* **EXERCISE GOAL**:
Which lines below include "Tahapan"? Copy them all.

Top of DATA PROVIDED

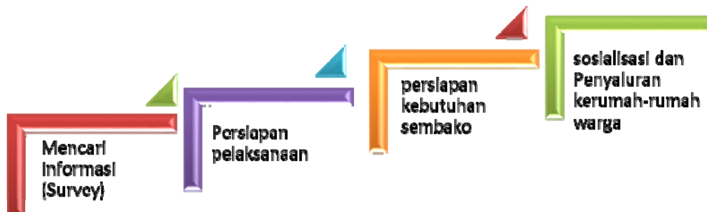
Gambar. 2. Tahapan Kegiatan PKM

Tahapan kegiatan PKM ini dapat dijelaskan melalui Gambar berikut ini :
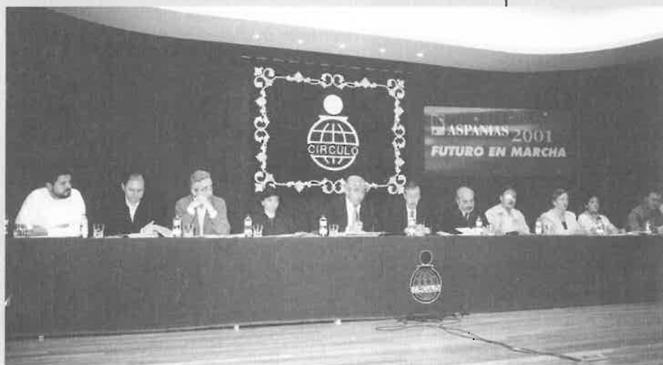
Asamblea General de Socios de ASPANIAS, 20-05-01

Así pues, afirmamos de nuevo que un mejor futuro para las personas con discapacidad va a depender en buena medida de la colaboración entre padres y profesionales. Y afirmamos que para que ésta se dé no basta con que tengamos la buena intención de realizarla, sino que procede un debate y una clarificación a todas las instancias de los roles específicos de unos y otros».
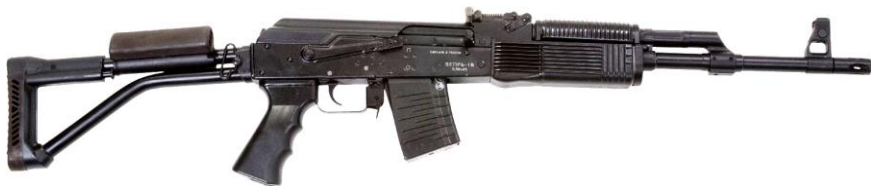
Рисунок 1 - Карабин охотничий с нарезным стволом самозарядный модели «Вепрь-1В» калибра .223Rem. (ВПО-125, ВПО-125-01)
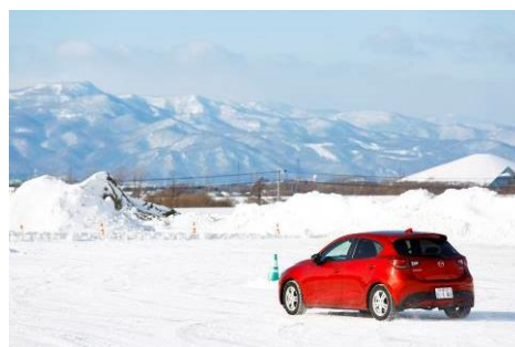
【冬道を実走しての講習を行います】
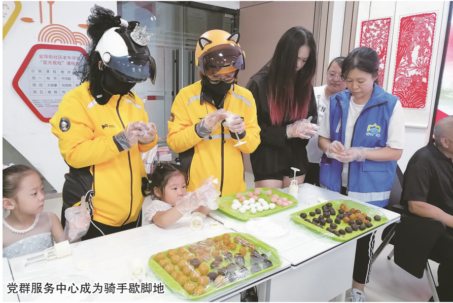
党群服务中心成为骑手歇脚地

牟平区网约配送行业党委高标准打造“烟小暖·红牟驿家”党群服务中心,安装人脸识别门禁系统,实现外卖骑手24小
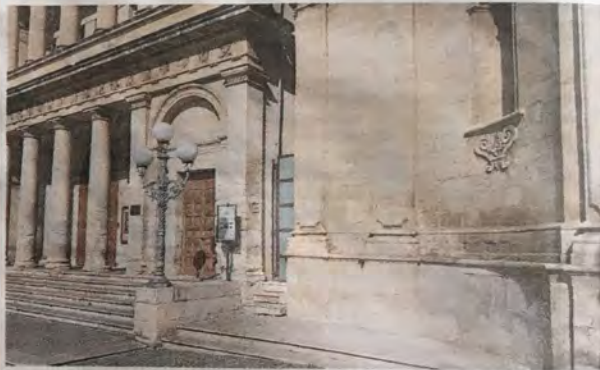
● I prospetti ripuliti della chiesa e del teatro
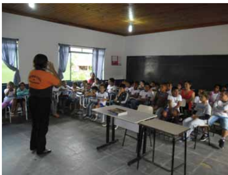
Estudantes se preparam para a evacuação
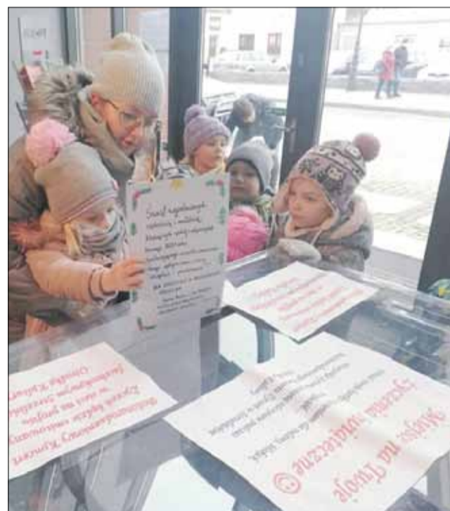
Do urny życzenia wrzuciły przedszkolaki

nego. Do kontaktu z odbiorcami kultury wykorzystano także witrynę, która znajduje się w holu na parterze. Najpierw przechodnie mogli oglądać przepiękną wystawę „Moja jesień”, która składała się ze zdjęć nadesłanych przez mieszkańców, a obecnie w podobnej formule w witrynie zawisła wystawa świąteczna. Można też tam podziwiać szopkę bożonarodzeniową. Bardzo aktywnie działa także fanpage Kultu-ralnego Sztabu Kryzysowego, na którym zamieszczanych jest szereg informacji, linków i filmików związanych nie tylko z działalnością nasze-
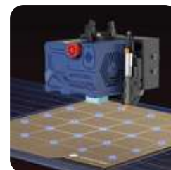
Nivelación Anycubic LeviQ
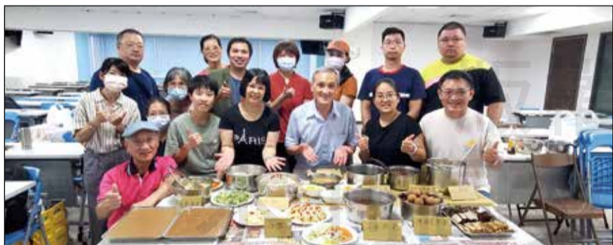
↑ 「夏季藥膳實作—冷盤、涼茶」，於台中市藥師公會大會議室實務操作上課。
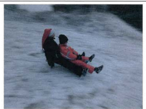
Bahn frei, Kartoffelbrei ...
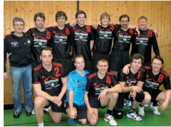
„Erste Herrenmannschaft 1. Platz in der Landesliga“

am Aufstieg beteiligt. Mit 20:4 Punkten wurde das Saisonziel „Aufstieg“ erreicht.
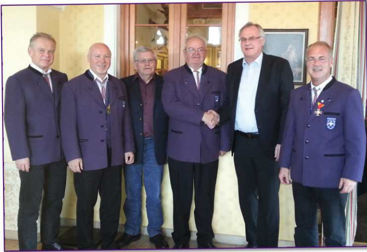
13.04.2013 - Generalversammlung mit Neuwahlen
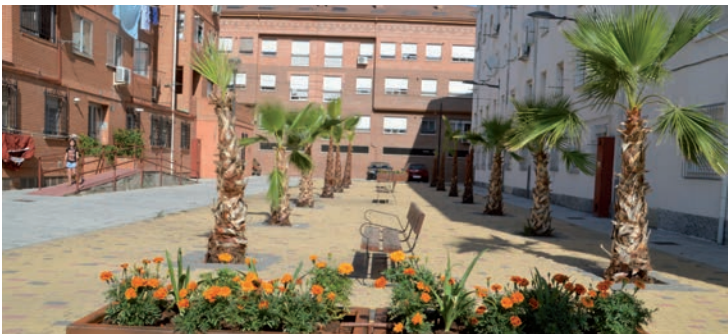
▼ Imagen de la plaza de San Pedro tras la actuación acometida
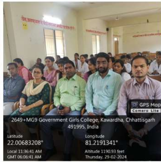
2649+MG9 Government Girls College, Kawardha, Chhattisgarh 491995, India Longitude 81.2191341° Altitude 1190.93 feet Thursday, 29-02-2024
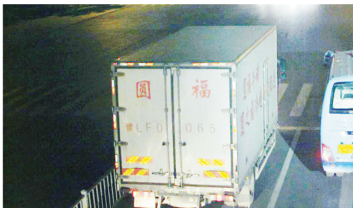
11月24日18:17,湘江路与峨眉山路交叉口,大货车豫LF0065违禁入市,罚款200元、扣3分。
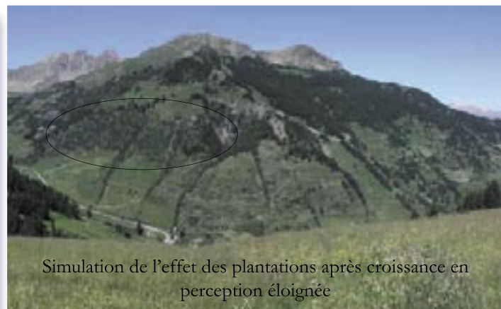
Simulation de l'effet des plantations après croissance en perception éloignée
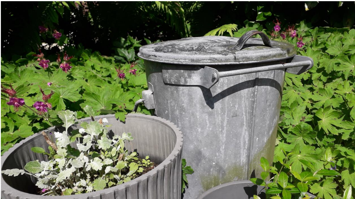
Klassieke vuilnisemmer verfraait de bloementuin (Oud-Ade 2023)
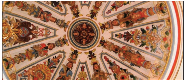
Yeserías de la Capilla-Camarín de la Virgen del Carmen, en la Iglesia de Santiago Apóstol
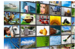
WN-Fotos Aktuelle Fotos aus MS und der Region.
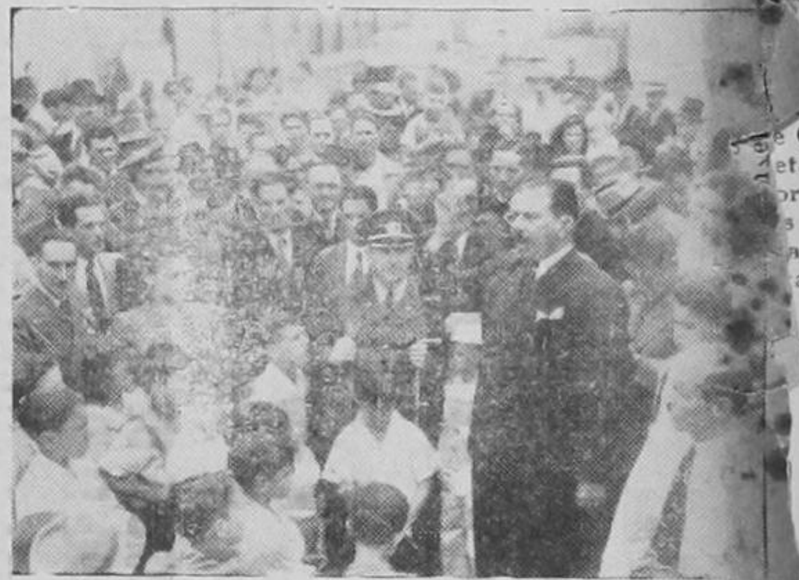
Momentos en que el señor Presidente Picado pronuncia su discurso al inaugurar la nueva cañería de Tibás.
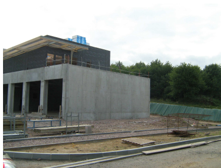
Vue depuis le bâtiment du SDIS
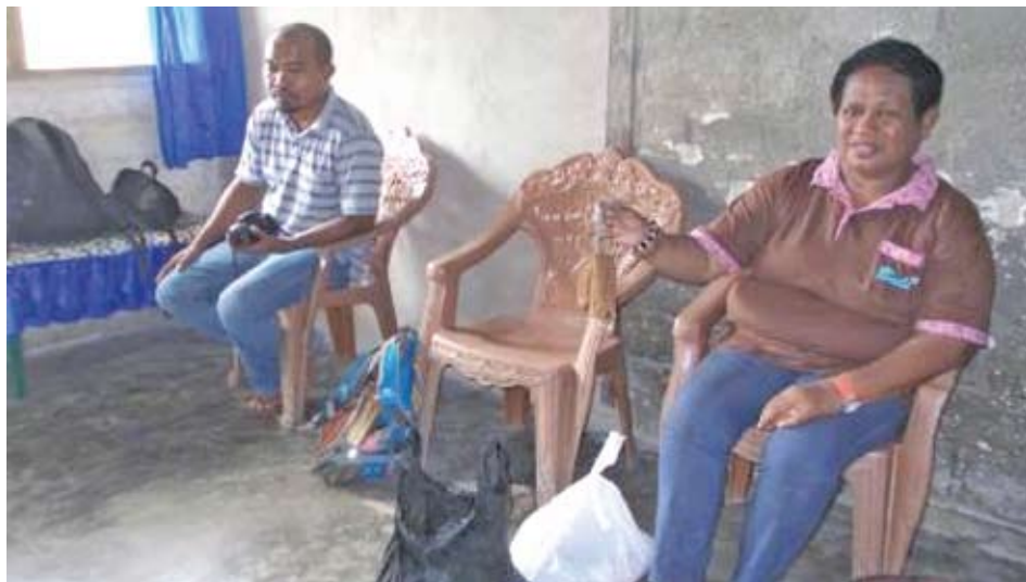
Tim penelitian merencanakan kegiatan FGD & wawancara informan Agustus 2013
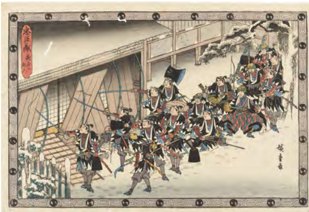
[Part2展示作品] 歌川広重『忠臣蔵 夜討二乱入』

『仮名手本忠臣蔵』は多くの先行作を取り入れて練られた作品で、幕府の批判・風刺などの取締りや規制を避けるため、物語の舞台を室町時代の『太平記』に移し、浅野内匠頭は鎌倉後期から南北朝時代にかけて実在した塩冶判官高貞、吉良上野介は同じく実在の足利家執事 高師直に置き換え、大石内蔵助は大星由良之助に役名を変えて演じられています。題名は、いろは仮名47文字と討入を果たした赤穂藩の浪人47人(四十七士)が同数であることをかけ、文字の手習いの手本と武士の手本となる忠臣が集まった蔵であるとともに、大石内蔵助の名ともかけられています。本展ではこの「忠臣蔵」を題材にした浮世絵作品とともにそのあらすじをご紹介します。
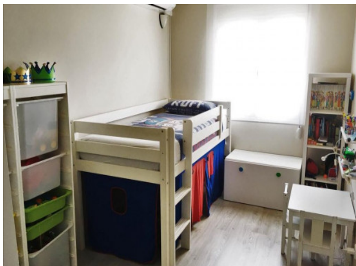
Uno de 3 dormitorios
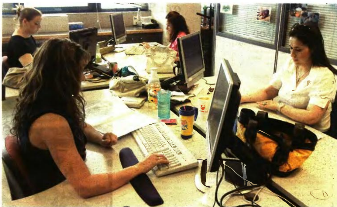
ΤΟ ΑΠΟΤΕΛΕΣΜΑ των συλλογικών διαπραγματεύσεων στο Δημόσιο θα επηρεάσει το σύνολο του μόνιμου προσωπικού στον στενό δημόσιο τομέα και στα ΝΠΔΔ, τους δικαστικούς λειτουργούς και τους εργαζομένους στους ΟΤΑ

Το αποτέλεσμα των συλλογικών διαπραγματεύσεων μεταξύ κράτους και δημοσίων υπαλλήλων θα επηρεάσει το σύνολο του μόνιμου προσώ-
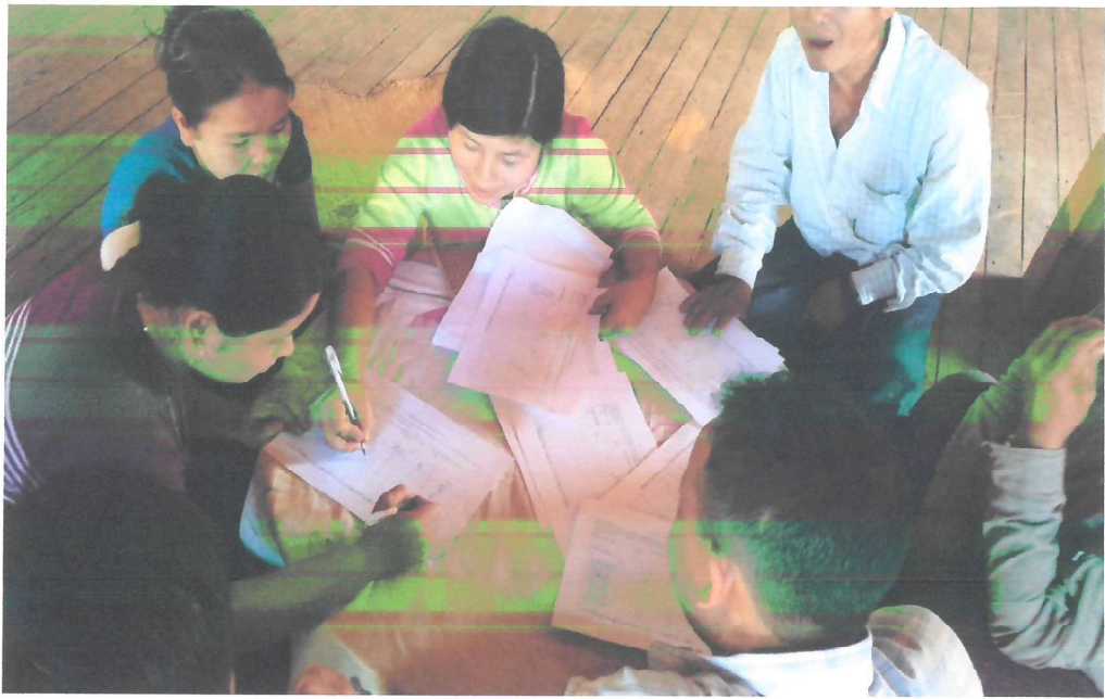
လူထုပူးပေါင်းပါဝင်နေပုံ

Bottom of DATA PROVIDED

* **SOLUTION BELOW**:
Gambar. 2. Tahapan Kegiatan PKM
Tahapan kegiatan PKM ini dapat dijelaskan melalui Gambar berikut ini :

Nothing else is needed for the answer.